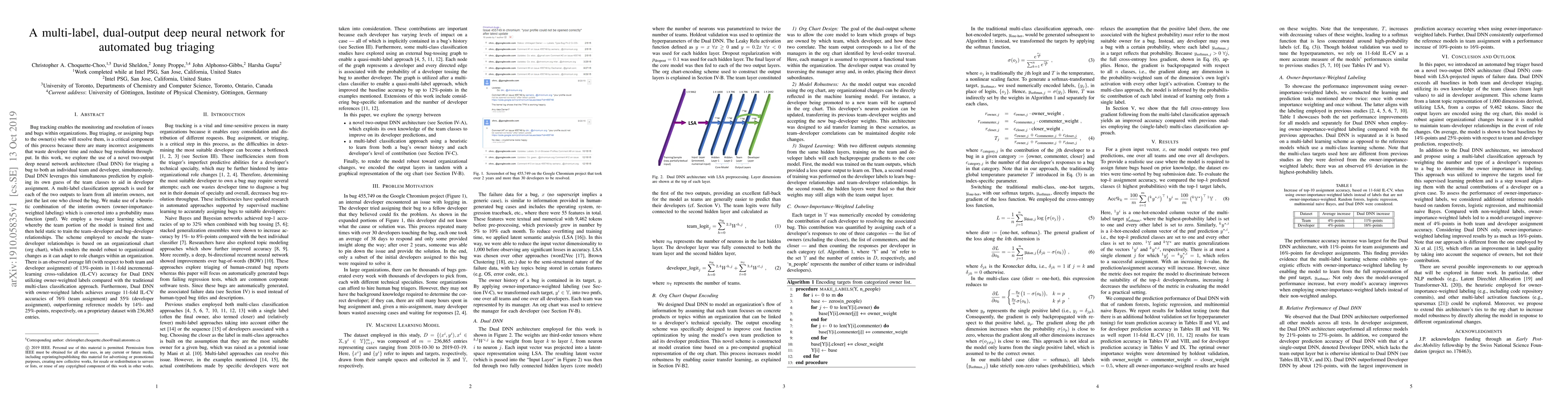 This paper proposes a dual-output deep neural network (Dual DNN) for automated bug triaging, assigning bugs to both teams and developers simultaneously. The model uses a multi-label classification approach and an owner-importance-weighted labeling scheme, achieving an average 13% improvement in accuracy over traditional methods, with 76% accuracy for team assignment and 55% for developer assignment.
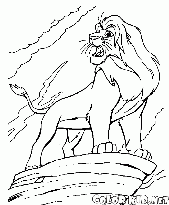 填色画 - 辛巴在岩石上
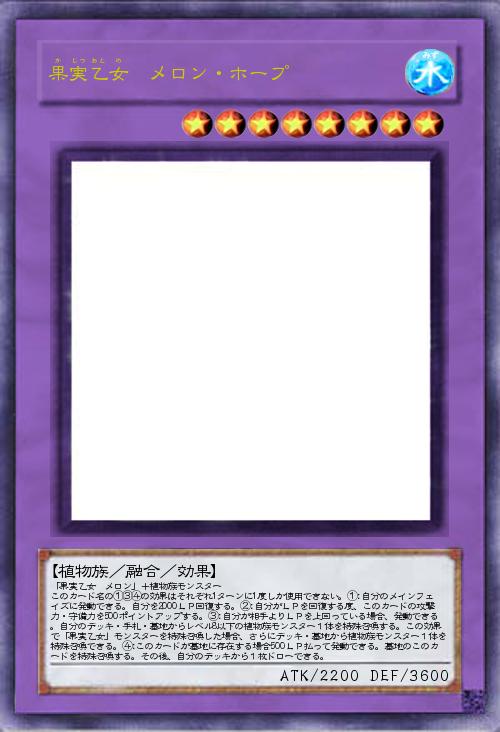 | 「果実乙女 メロン」+植物族モンスター このカード名の①③④の効果はそれぞれ1ターンに1度しか使用できない。①:自分のメインフェイズに発動できる。自分を2000LP回復する。②:自分がLPを回復する度、このカードの攻撃力・守備力を500ポイントアップする。③:自分が相手よりLPを上回っている場合、発動できる。自分のデッキ・手札・墓地からレベル8以下の植物族モンスター1体を特殊召喚する。この効果で「果実乙女」モンスターを特殊召喚した場合、さらにデッキ・墓地から植物族モンスター1体を特殊召喚できる。④:このカードが墓地に存在する場合500LP払って発動できる。墓地のこのカードを特殊召喚する。その後、自分のデッキから1枚ドローできる。 | |||
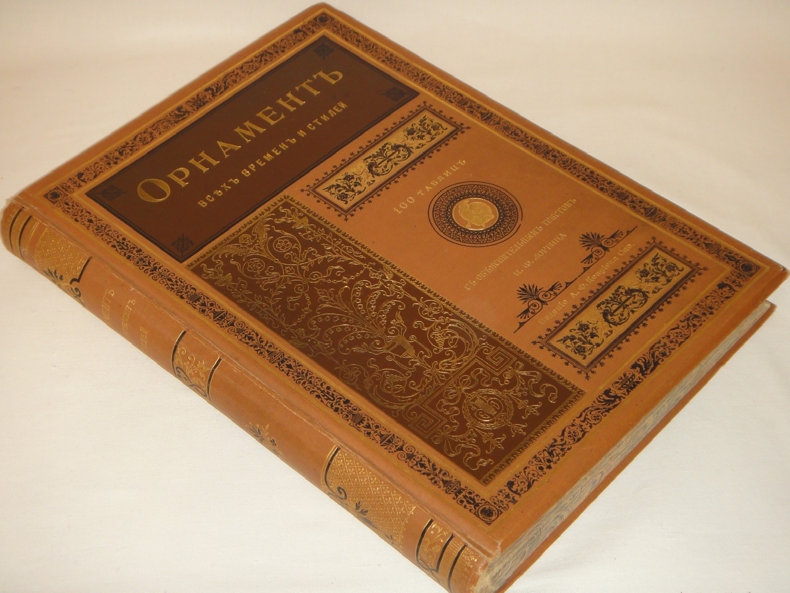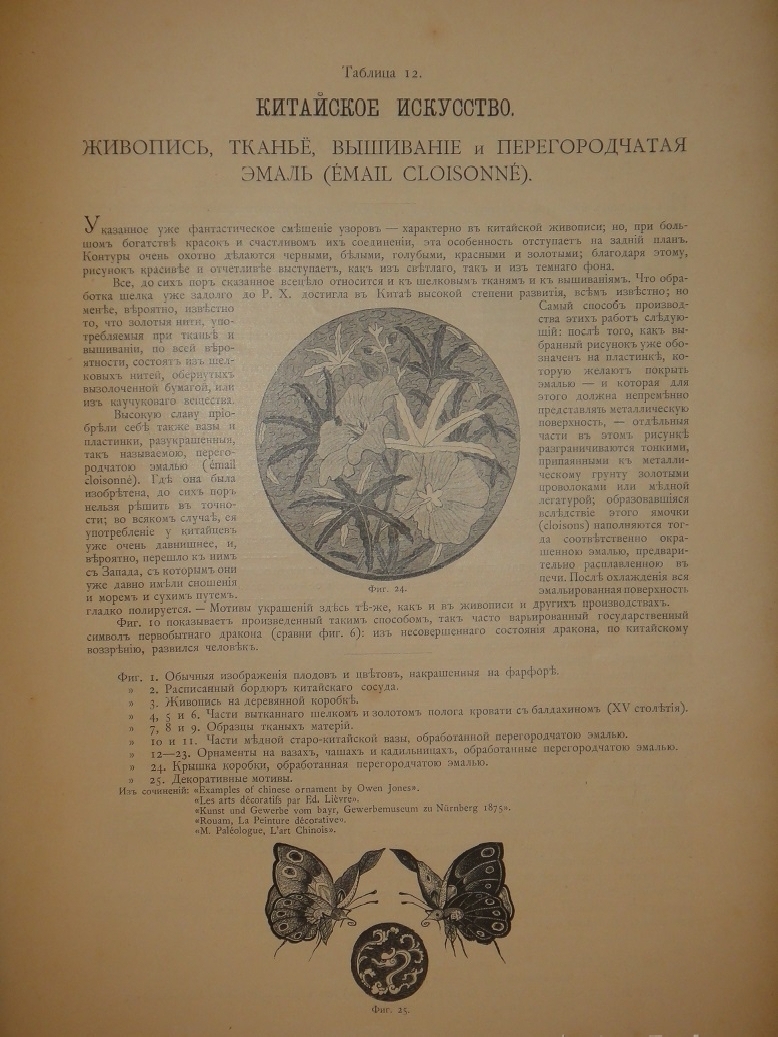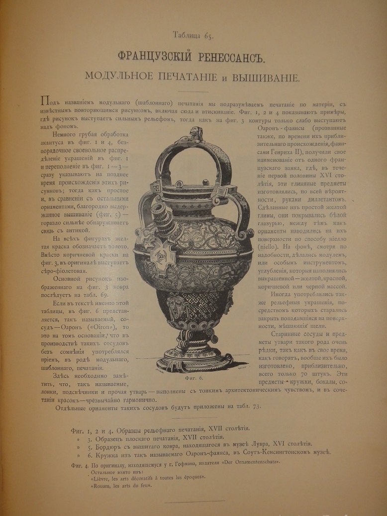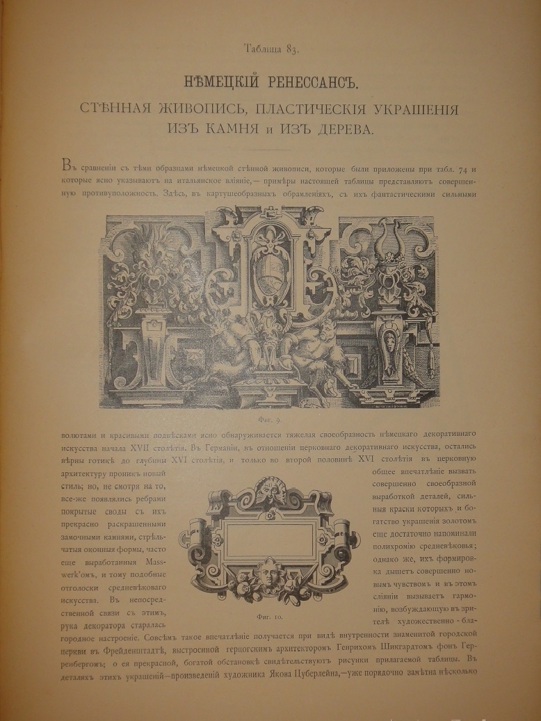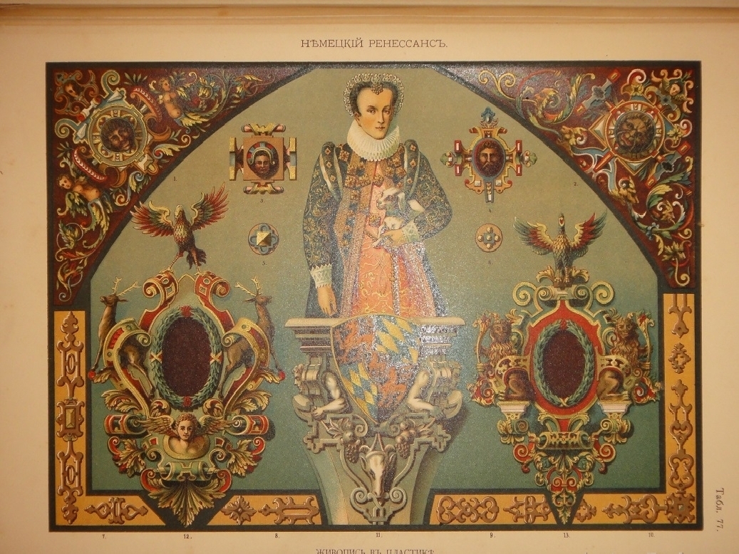 Сто хромолитографированных таблиц орнаментальных образцов всех художественных эпох дополнены подробными объяснениями выпускника Императорской Академии Художеств, выдающегося исследователя искусства и талантливого иллюстратора Николая Фёдоровича Лоренца ( 1863-1921 ). Хромолитографии высочайшего качества с сильными и сочными оттисками.
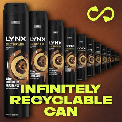 This is the type of chocolate that won't melt away when things get hot. This aerosol bodyspray fights odour-causing bacteria so you can avoid odour and smell irresistible for 48 hours. Same classic Lynx Dark Temptation scent, fresh new look. This great-smelling Lynx deodorant aerosol comes in an infinitely recyclable can - fresher you, cleaner planet. Cruelty-free.
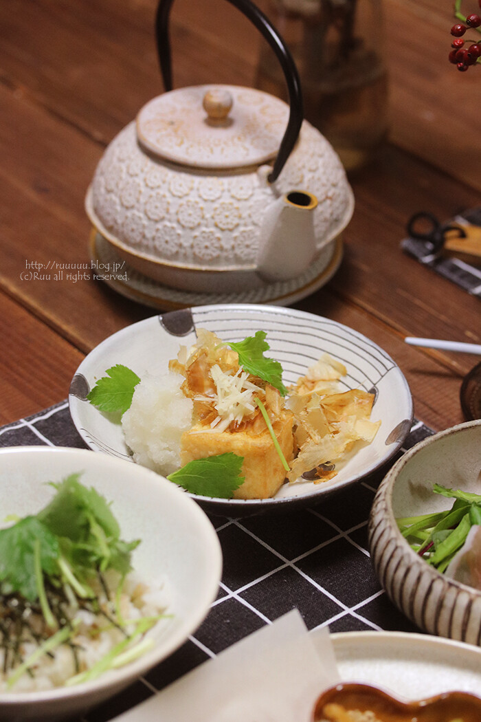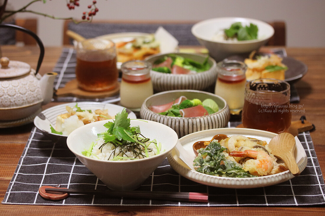 天茶漬け・焼き絹揚げ・生ハムサラダ・プリン
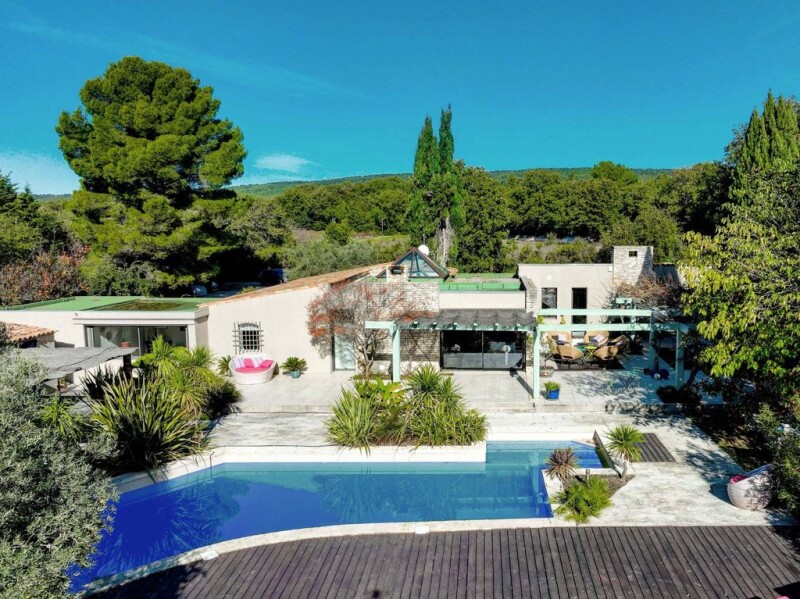 Co-exclusive – A rare opportunity on the market! Discover this 320 m² single storey villa, ideally nestled in the heart of a tree-filled park of approximately 8,760 m² in Puyricard. Located in a quiet, private setting, close to the village and its amenities, this property is surrounded by vineyards and lavender fields, just 10 minutes from the center of Aix-en-Provence. Designed for optimal comfort, the home is distinguished by its exceptional brightness and spacious rooms. It opens onto an inviting entrance hall, a large living room with a fireplace and skylight, a spacious fully equipped kitchen, and includes a total of 6 bedrooms, including 2 suites and a master suite with fireplace, dressing room, bathroom with tub and shower, and a large adjoining office. The villa also features 4 bathrooms, a laundry room, and two cellars, one of which has an industrial cold room. Two fully equipped independent studios allow for hosting family and friends in complete privacy. Outside, enjoy a true relaxation and entertainment area: a large terrace of over 350 m², an illuminated landscaped pool, a summer kitchen with bar and changing room, a lighted pétanque court, an integrated barbecue, and even a Balinese bed. The beautifully landscaped grounds are filled with lush vegetation, with varieties such as banana trees, trumpet vines, olive trees, laurels, magnolias, and almond trees, creating an enchanting setting. A unique opportunity to acquire an exceptional property, ideal for those seeking comfort, tranquility, and conviviality in one of the most sought-after areas of the region. Mandate 1250 - Contact : Sophie AUBERT - +33780953020 - s.aubert@aixenprovence-sothebysrealty.com - Aix-en-Provence Sotheby’s International Realty, the reference in luxury real estate in Aix-en-Provence.
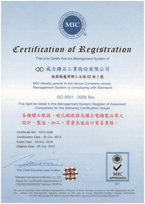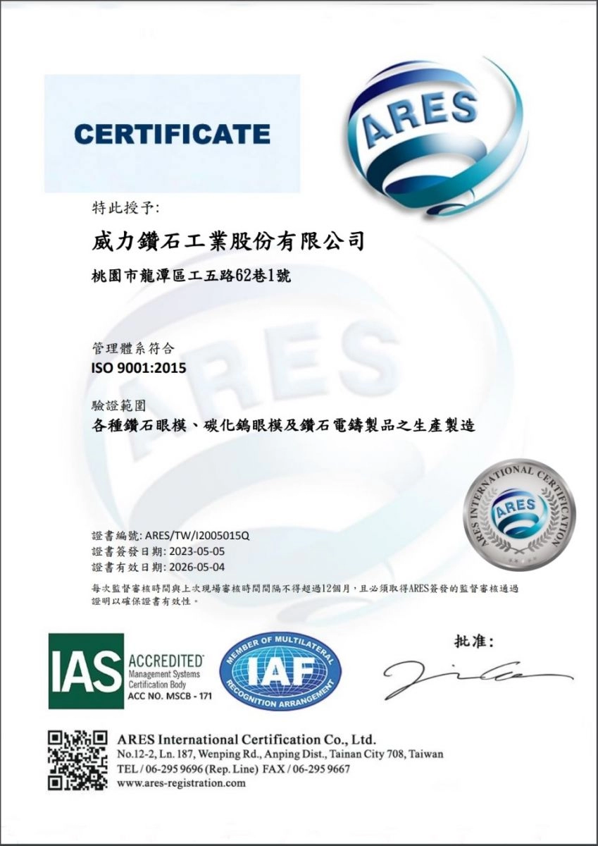 Our dedication to constant quality, client satisfaction, and ongoing development was demonstrated in 2010 when Weilly Diamond obtained ISO 9001 certification. With this certification, customers will be guaranteed that every product we supply satisfies strict international standards, boosting your trust in our reliability and efficacy.
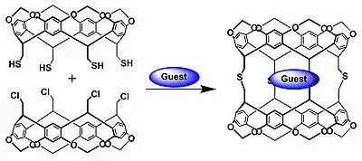 I modsætning hertil giver hemicarcerander "gæsterne" mulighed for at komme ind og ud af det molekylære hulrum ved høje temperaturer, men vil danne stabile komplekser ved lavere temperaturer. Komplekser dannet af en hemicarcerand og et "gæste"-molekyle kaldes hemicarceplexer.
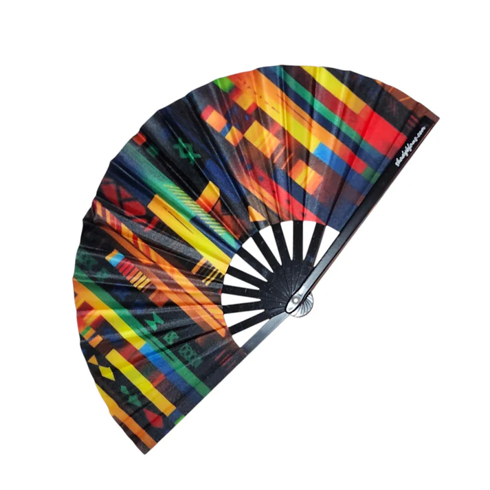 Stay cool and stylish with the African Print Clack Fan by Shady B Fans. Inspired by vibrant African designs, this large fan adds culture and charm to any look. It measures 20 inches wide when open and folds down to a compact 10 inches for easy carrying.
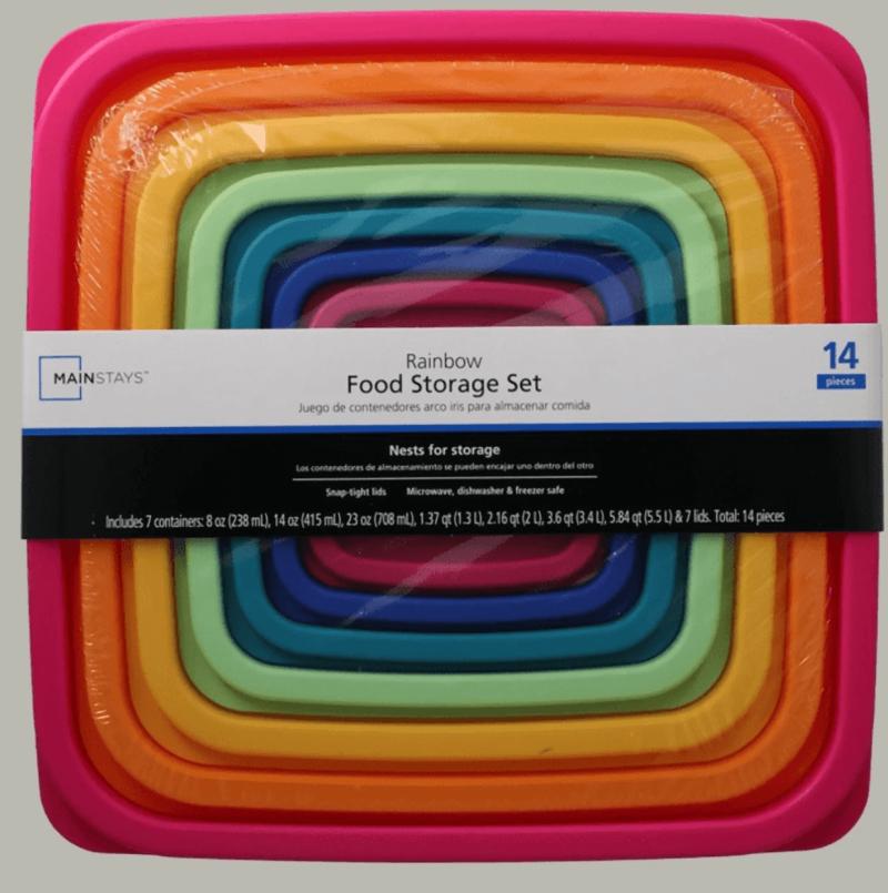 Mainstays Plastic Rainbow Food Storage Set, Multi Color, 14 Count, Best Used for Leftover Storage and Reheating

● Brief
Each record should appear again exactly as it stands, with no picture included.

● Answer to this exercise
 This paper proposes a dual-output deep neural network (Dual DNN) for automated bug triaging, assigning bugs to both teams and developers simultaneously. The model uses a multi-label classification approach and an owner-importance-weighted labeling scheme, achieving an average 13% improvement in accuracy over traditional methods, with 76% accuracy for team assignment and 55% for developer assignment.
 填色画 - 辛巴在岩石上
 | 「果実乙女 メロン」+植物族モンスター このカード名の①③④の効果はそれぞれ1ターンに1度しか使用できない。①:自分のメインフェイズに発動できる。自分を2000LP回復する。②:自分がLPを回復する度、このカードの攻撃力・守備力を500ポイントアップする。③:自分が相手よりLPを上回っている場合、発動できる。自分のデッキ・手札・墓地からレベル8以下の植物族モンスター1体を特殊召喚する。この効果で「果実乙女」モンスターを特殊召喚した場合、さらにデッキ・墓地から植物族モンスター1体を特殊召喚できる。④:このカードが墓地に存在する場合500LP払って発動できる。墓地のこのカードを特殊召喚する。その後、自分のデッキから1枚ドローできる。 | |||
 Сто хромолитографированных таблиц орнаментальных образцов всех художественных эпох дополнены подробными объяснениями выпускника Императорской Академии Художеств, выдающегося исследователя искусства и талантливого иллюстратора Николая Фёдоровича Лоренца ( 1863-1921 ). Хромолитографии высочайшего качества с сильными и сочными оттисками.
 This is the type of chocolate that won't melt away when things get hot. This aerosol bodyspray fights odour-causing bacteria so you can avoid odour and smell irresistible for 48 hours. Same classic Lynx Dark Temptation scent, fresh new look. This great-smelling Lynx deodorant aerosol comes in an infinitely recyclable can - fresher you, cleaner planet. Cruelty-free.
 天茶漬け・焼き絹揚げ・生ハムサラダ・プリン
 Co-exclusive – A rare opportunity on the market! Discover this 320 m² single storey villa, ideally nestled in the heart of a tree-filled park of approximately 8,760 m² in Puyricard. Located in a quiet, private setting, close to the village and its amenities, this property is surrounded by vineyards and lavender fields, just 10 minutes from the center of Aix-en-Provence. Designed for optimal comfort, the home is distinguished by its exceptional brightness and spacious rooms. It opens onto an inviting entrance hall, a large living room with a fireplace and skylight, a spacious fully equipped kitchen, and includes a total of 6 bedrooms, including 2 suites and a master suite with fireplace, dressing room, bathroom with tub and shower, and a large adjoining office. The villa also features 4 bathrooms, a laundry room, and two cellars, one of which has an industrial cold room. Two fully equipped independent studios allow for hosting family and friends in complete privacy. Outside, enjoy a true relaxation and entertainment area: a large terrace of over 350 m², an illuminated landscaped pool, a summer kitchen with bar and changing room, a lighted pétanque court, an integrated barbecue, and even a Balinese bed. The beautifully landscaped grounds are filled with lush vegetation, with varieties such as banana trees, trumpet vines, olive trees, laurels, magnolias, and almond trees, creating an enchanting setting. A unique opportunity to acquire an exceptional property, ideal for those seeking comfort, tranquility, and conviviality in one of the most sought-after areas of the region. Mandate 1250 - Contact : Sophie AUBERT - +33780953020 - s.aubert@aixenprovence-sothebysrealty.com - Aix-en-Provence Sotheby’s International Realty, the reference in luxury real estate in Aix-en-Provence.
 Our dedication to constant quality, client satisfaction, and ongoing development was demonstrated in 2010 when Weilly Diamond obtained ISO 9001 certification. With this certification, customers will be guaranteed that every product we supply satisfies strict international standards, boosting your trust in our reliability and efficacy.
 I modsætning hertil giver hemicarcerander "gæsterne" mulighed for at komme ind og ud af det molekylære hulrum ved høje temperaturer, men vil danne stabile komplekser ved lavere temperaturer. Komplekser dannet af en hemicarcerand og et "gæste"-molekyle kaldes hemicarceplexer.
 Stay cool and stylish with the African Print Clack Fan by Shady B Fans. Inspired by vibrant African designs, this large fan adds culture and charm to any look. It measures 20 inches wide when open and folds down to a compact 10 inches for easy carrying.
 Mainstays Plastic Rainbow Food Storage Set, Multi Color, 14 Count, Best Used for Leftover Storage and Reheating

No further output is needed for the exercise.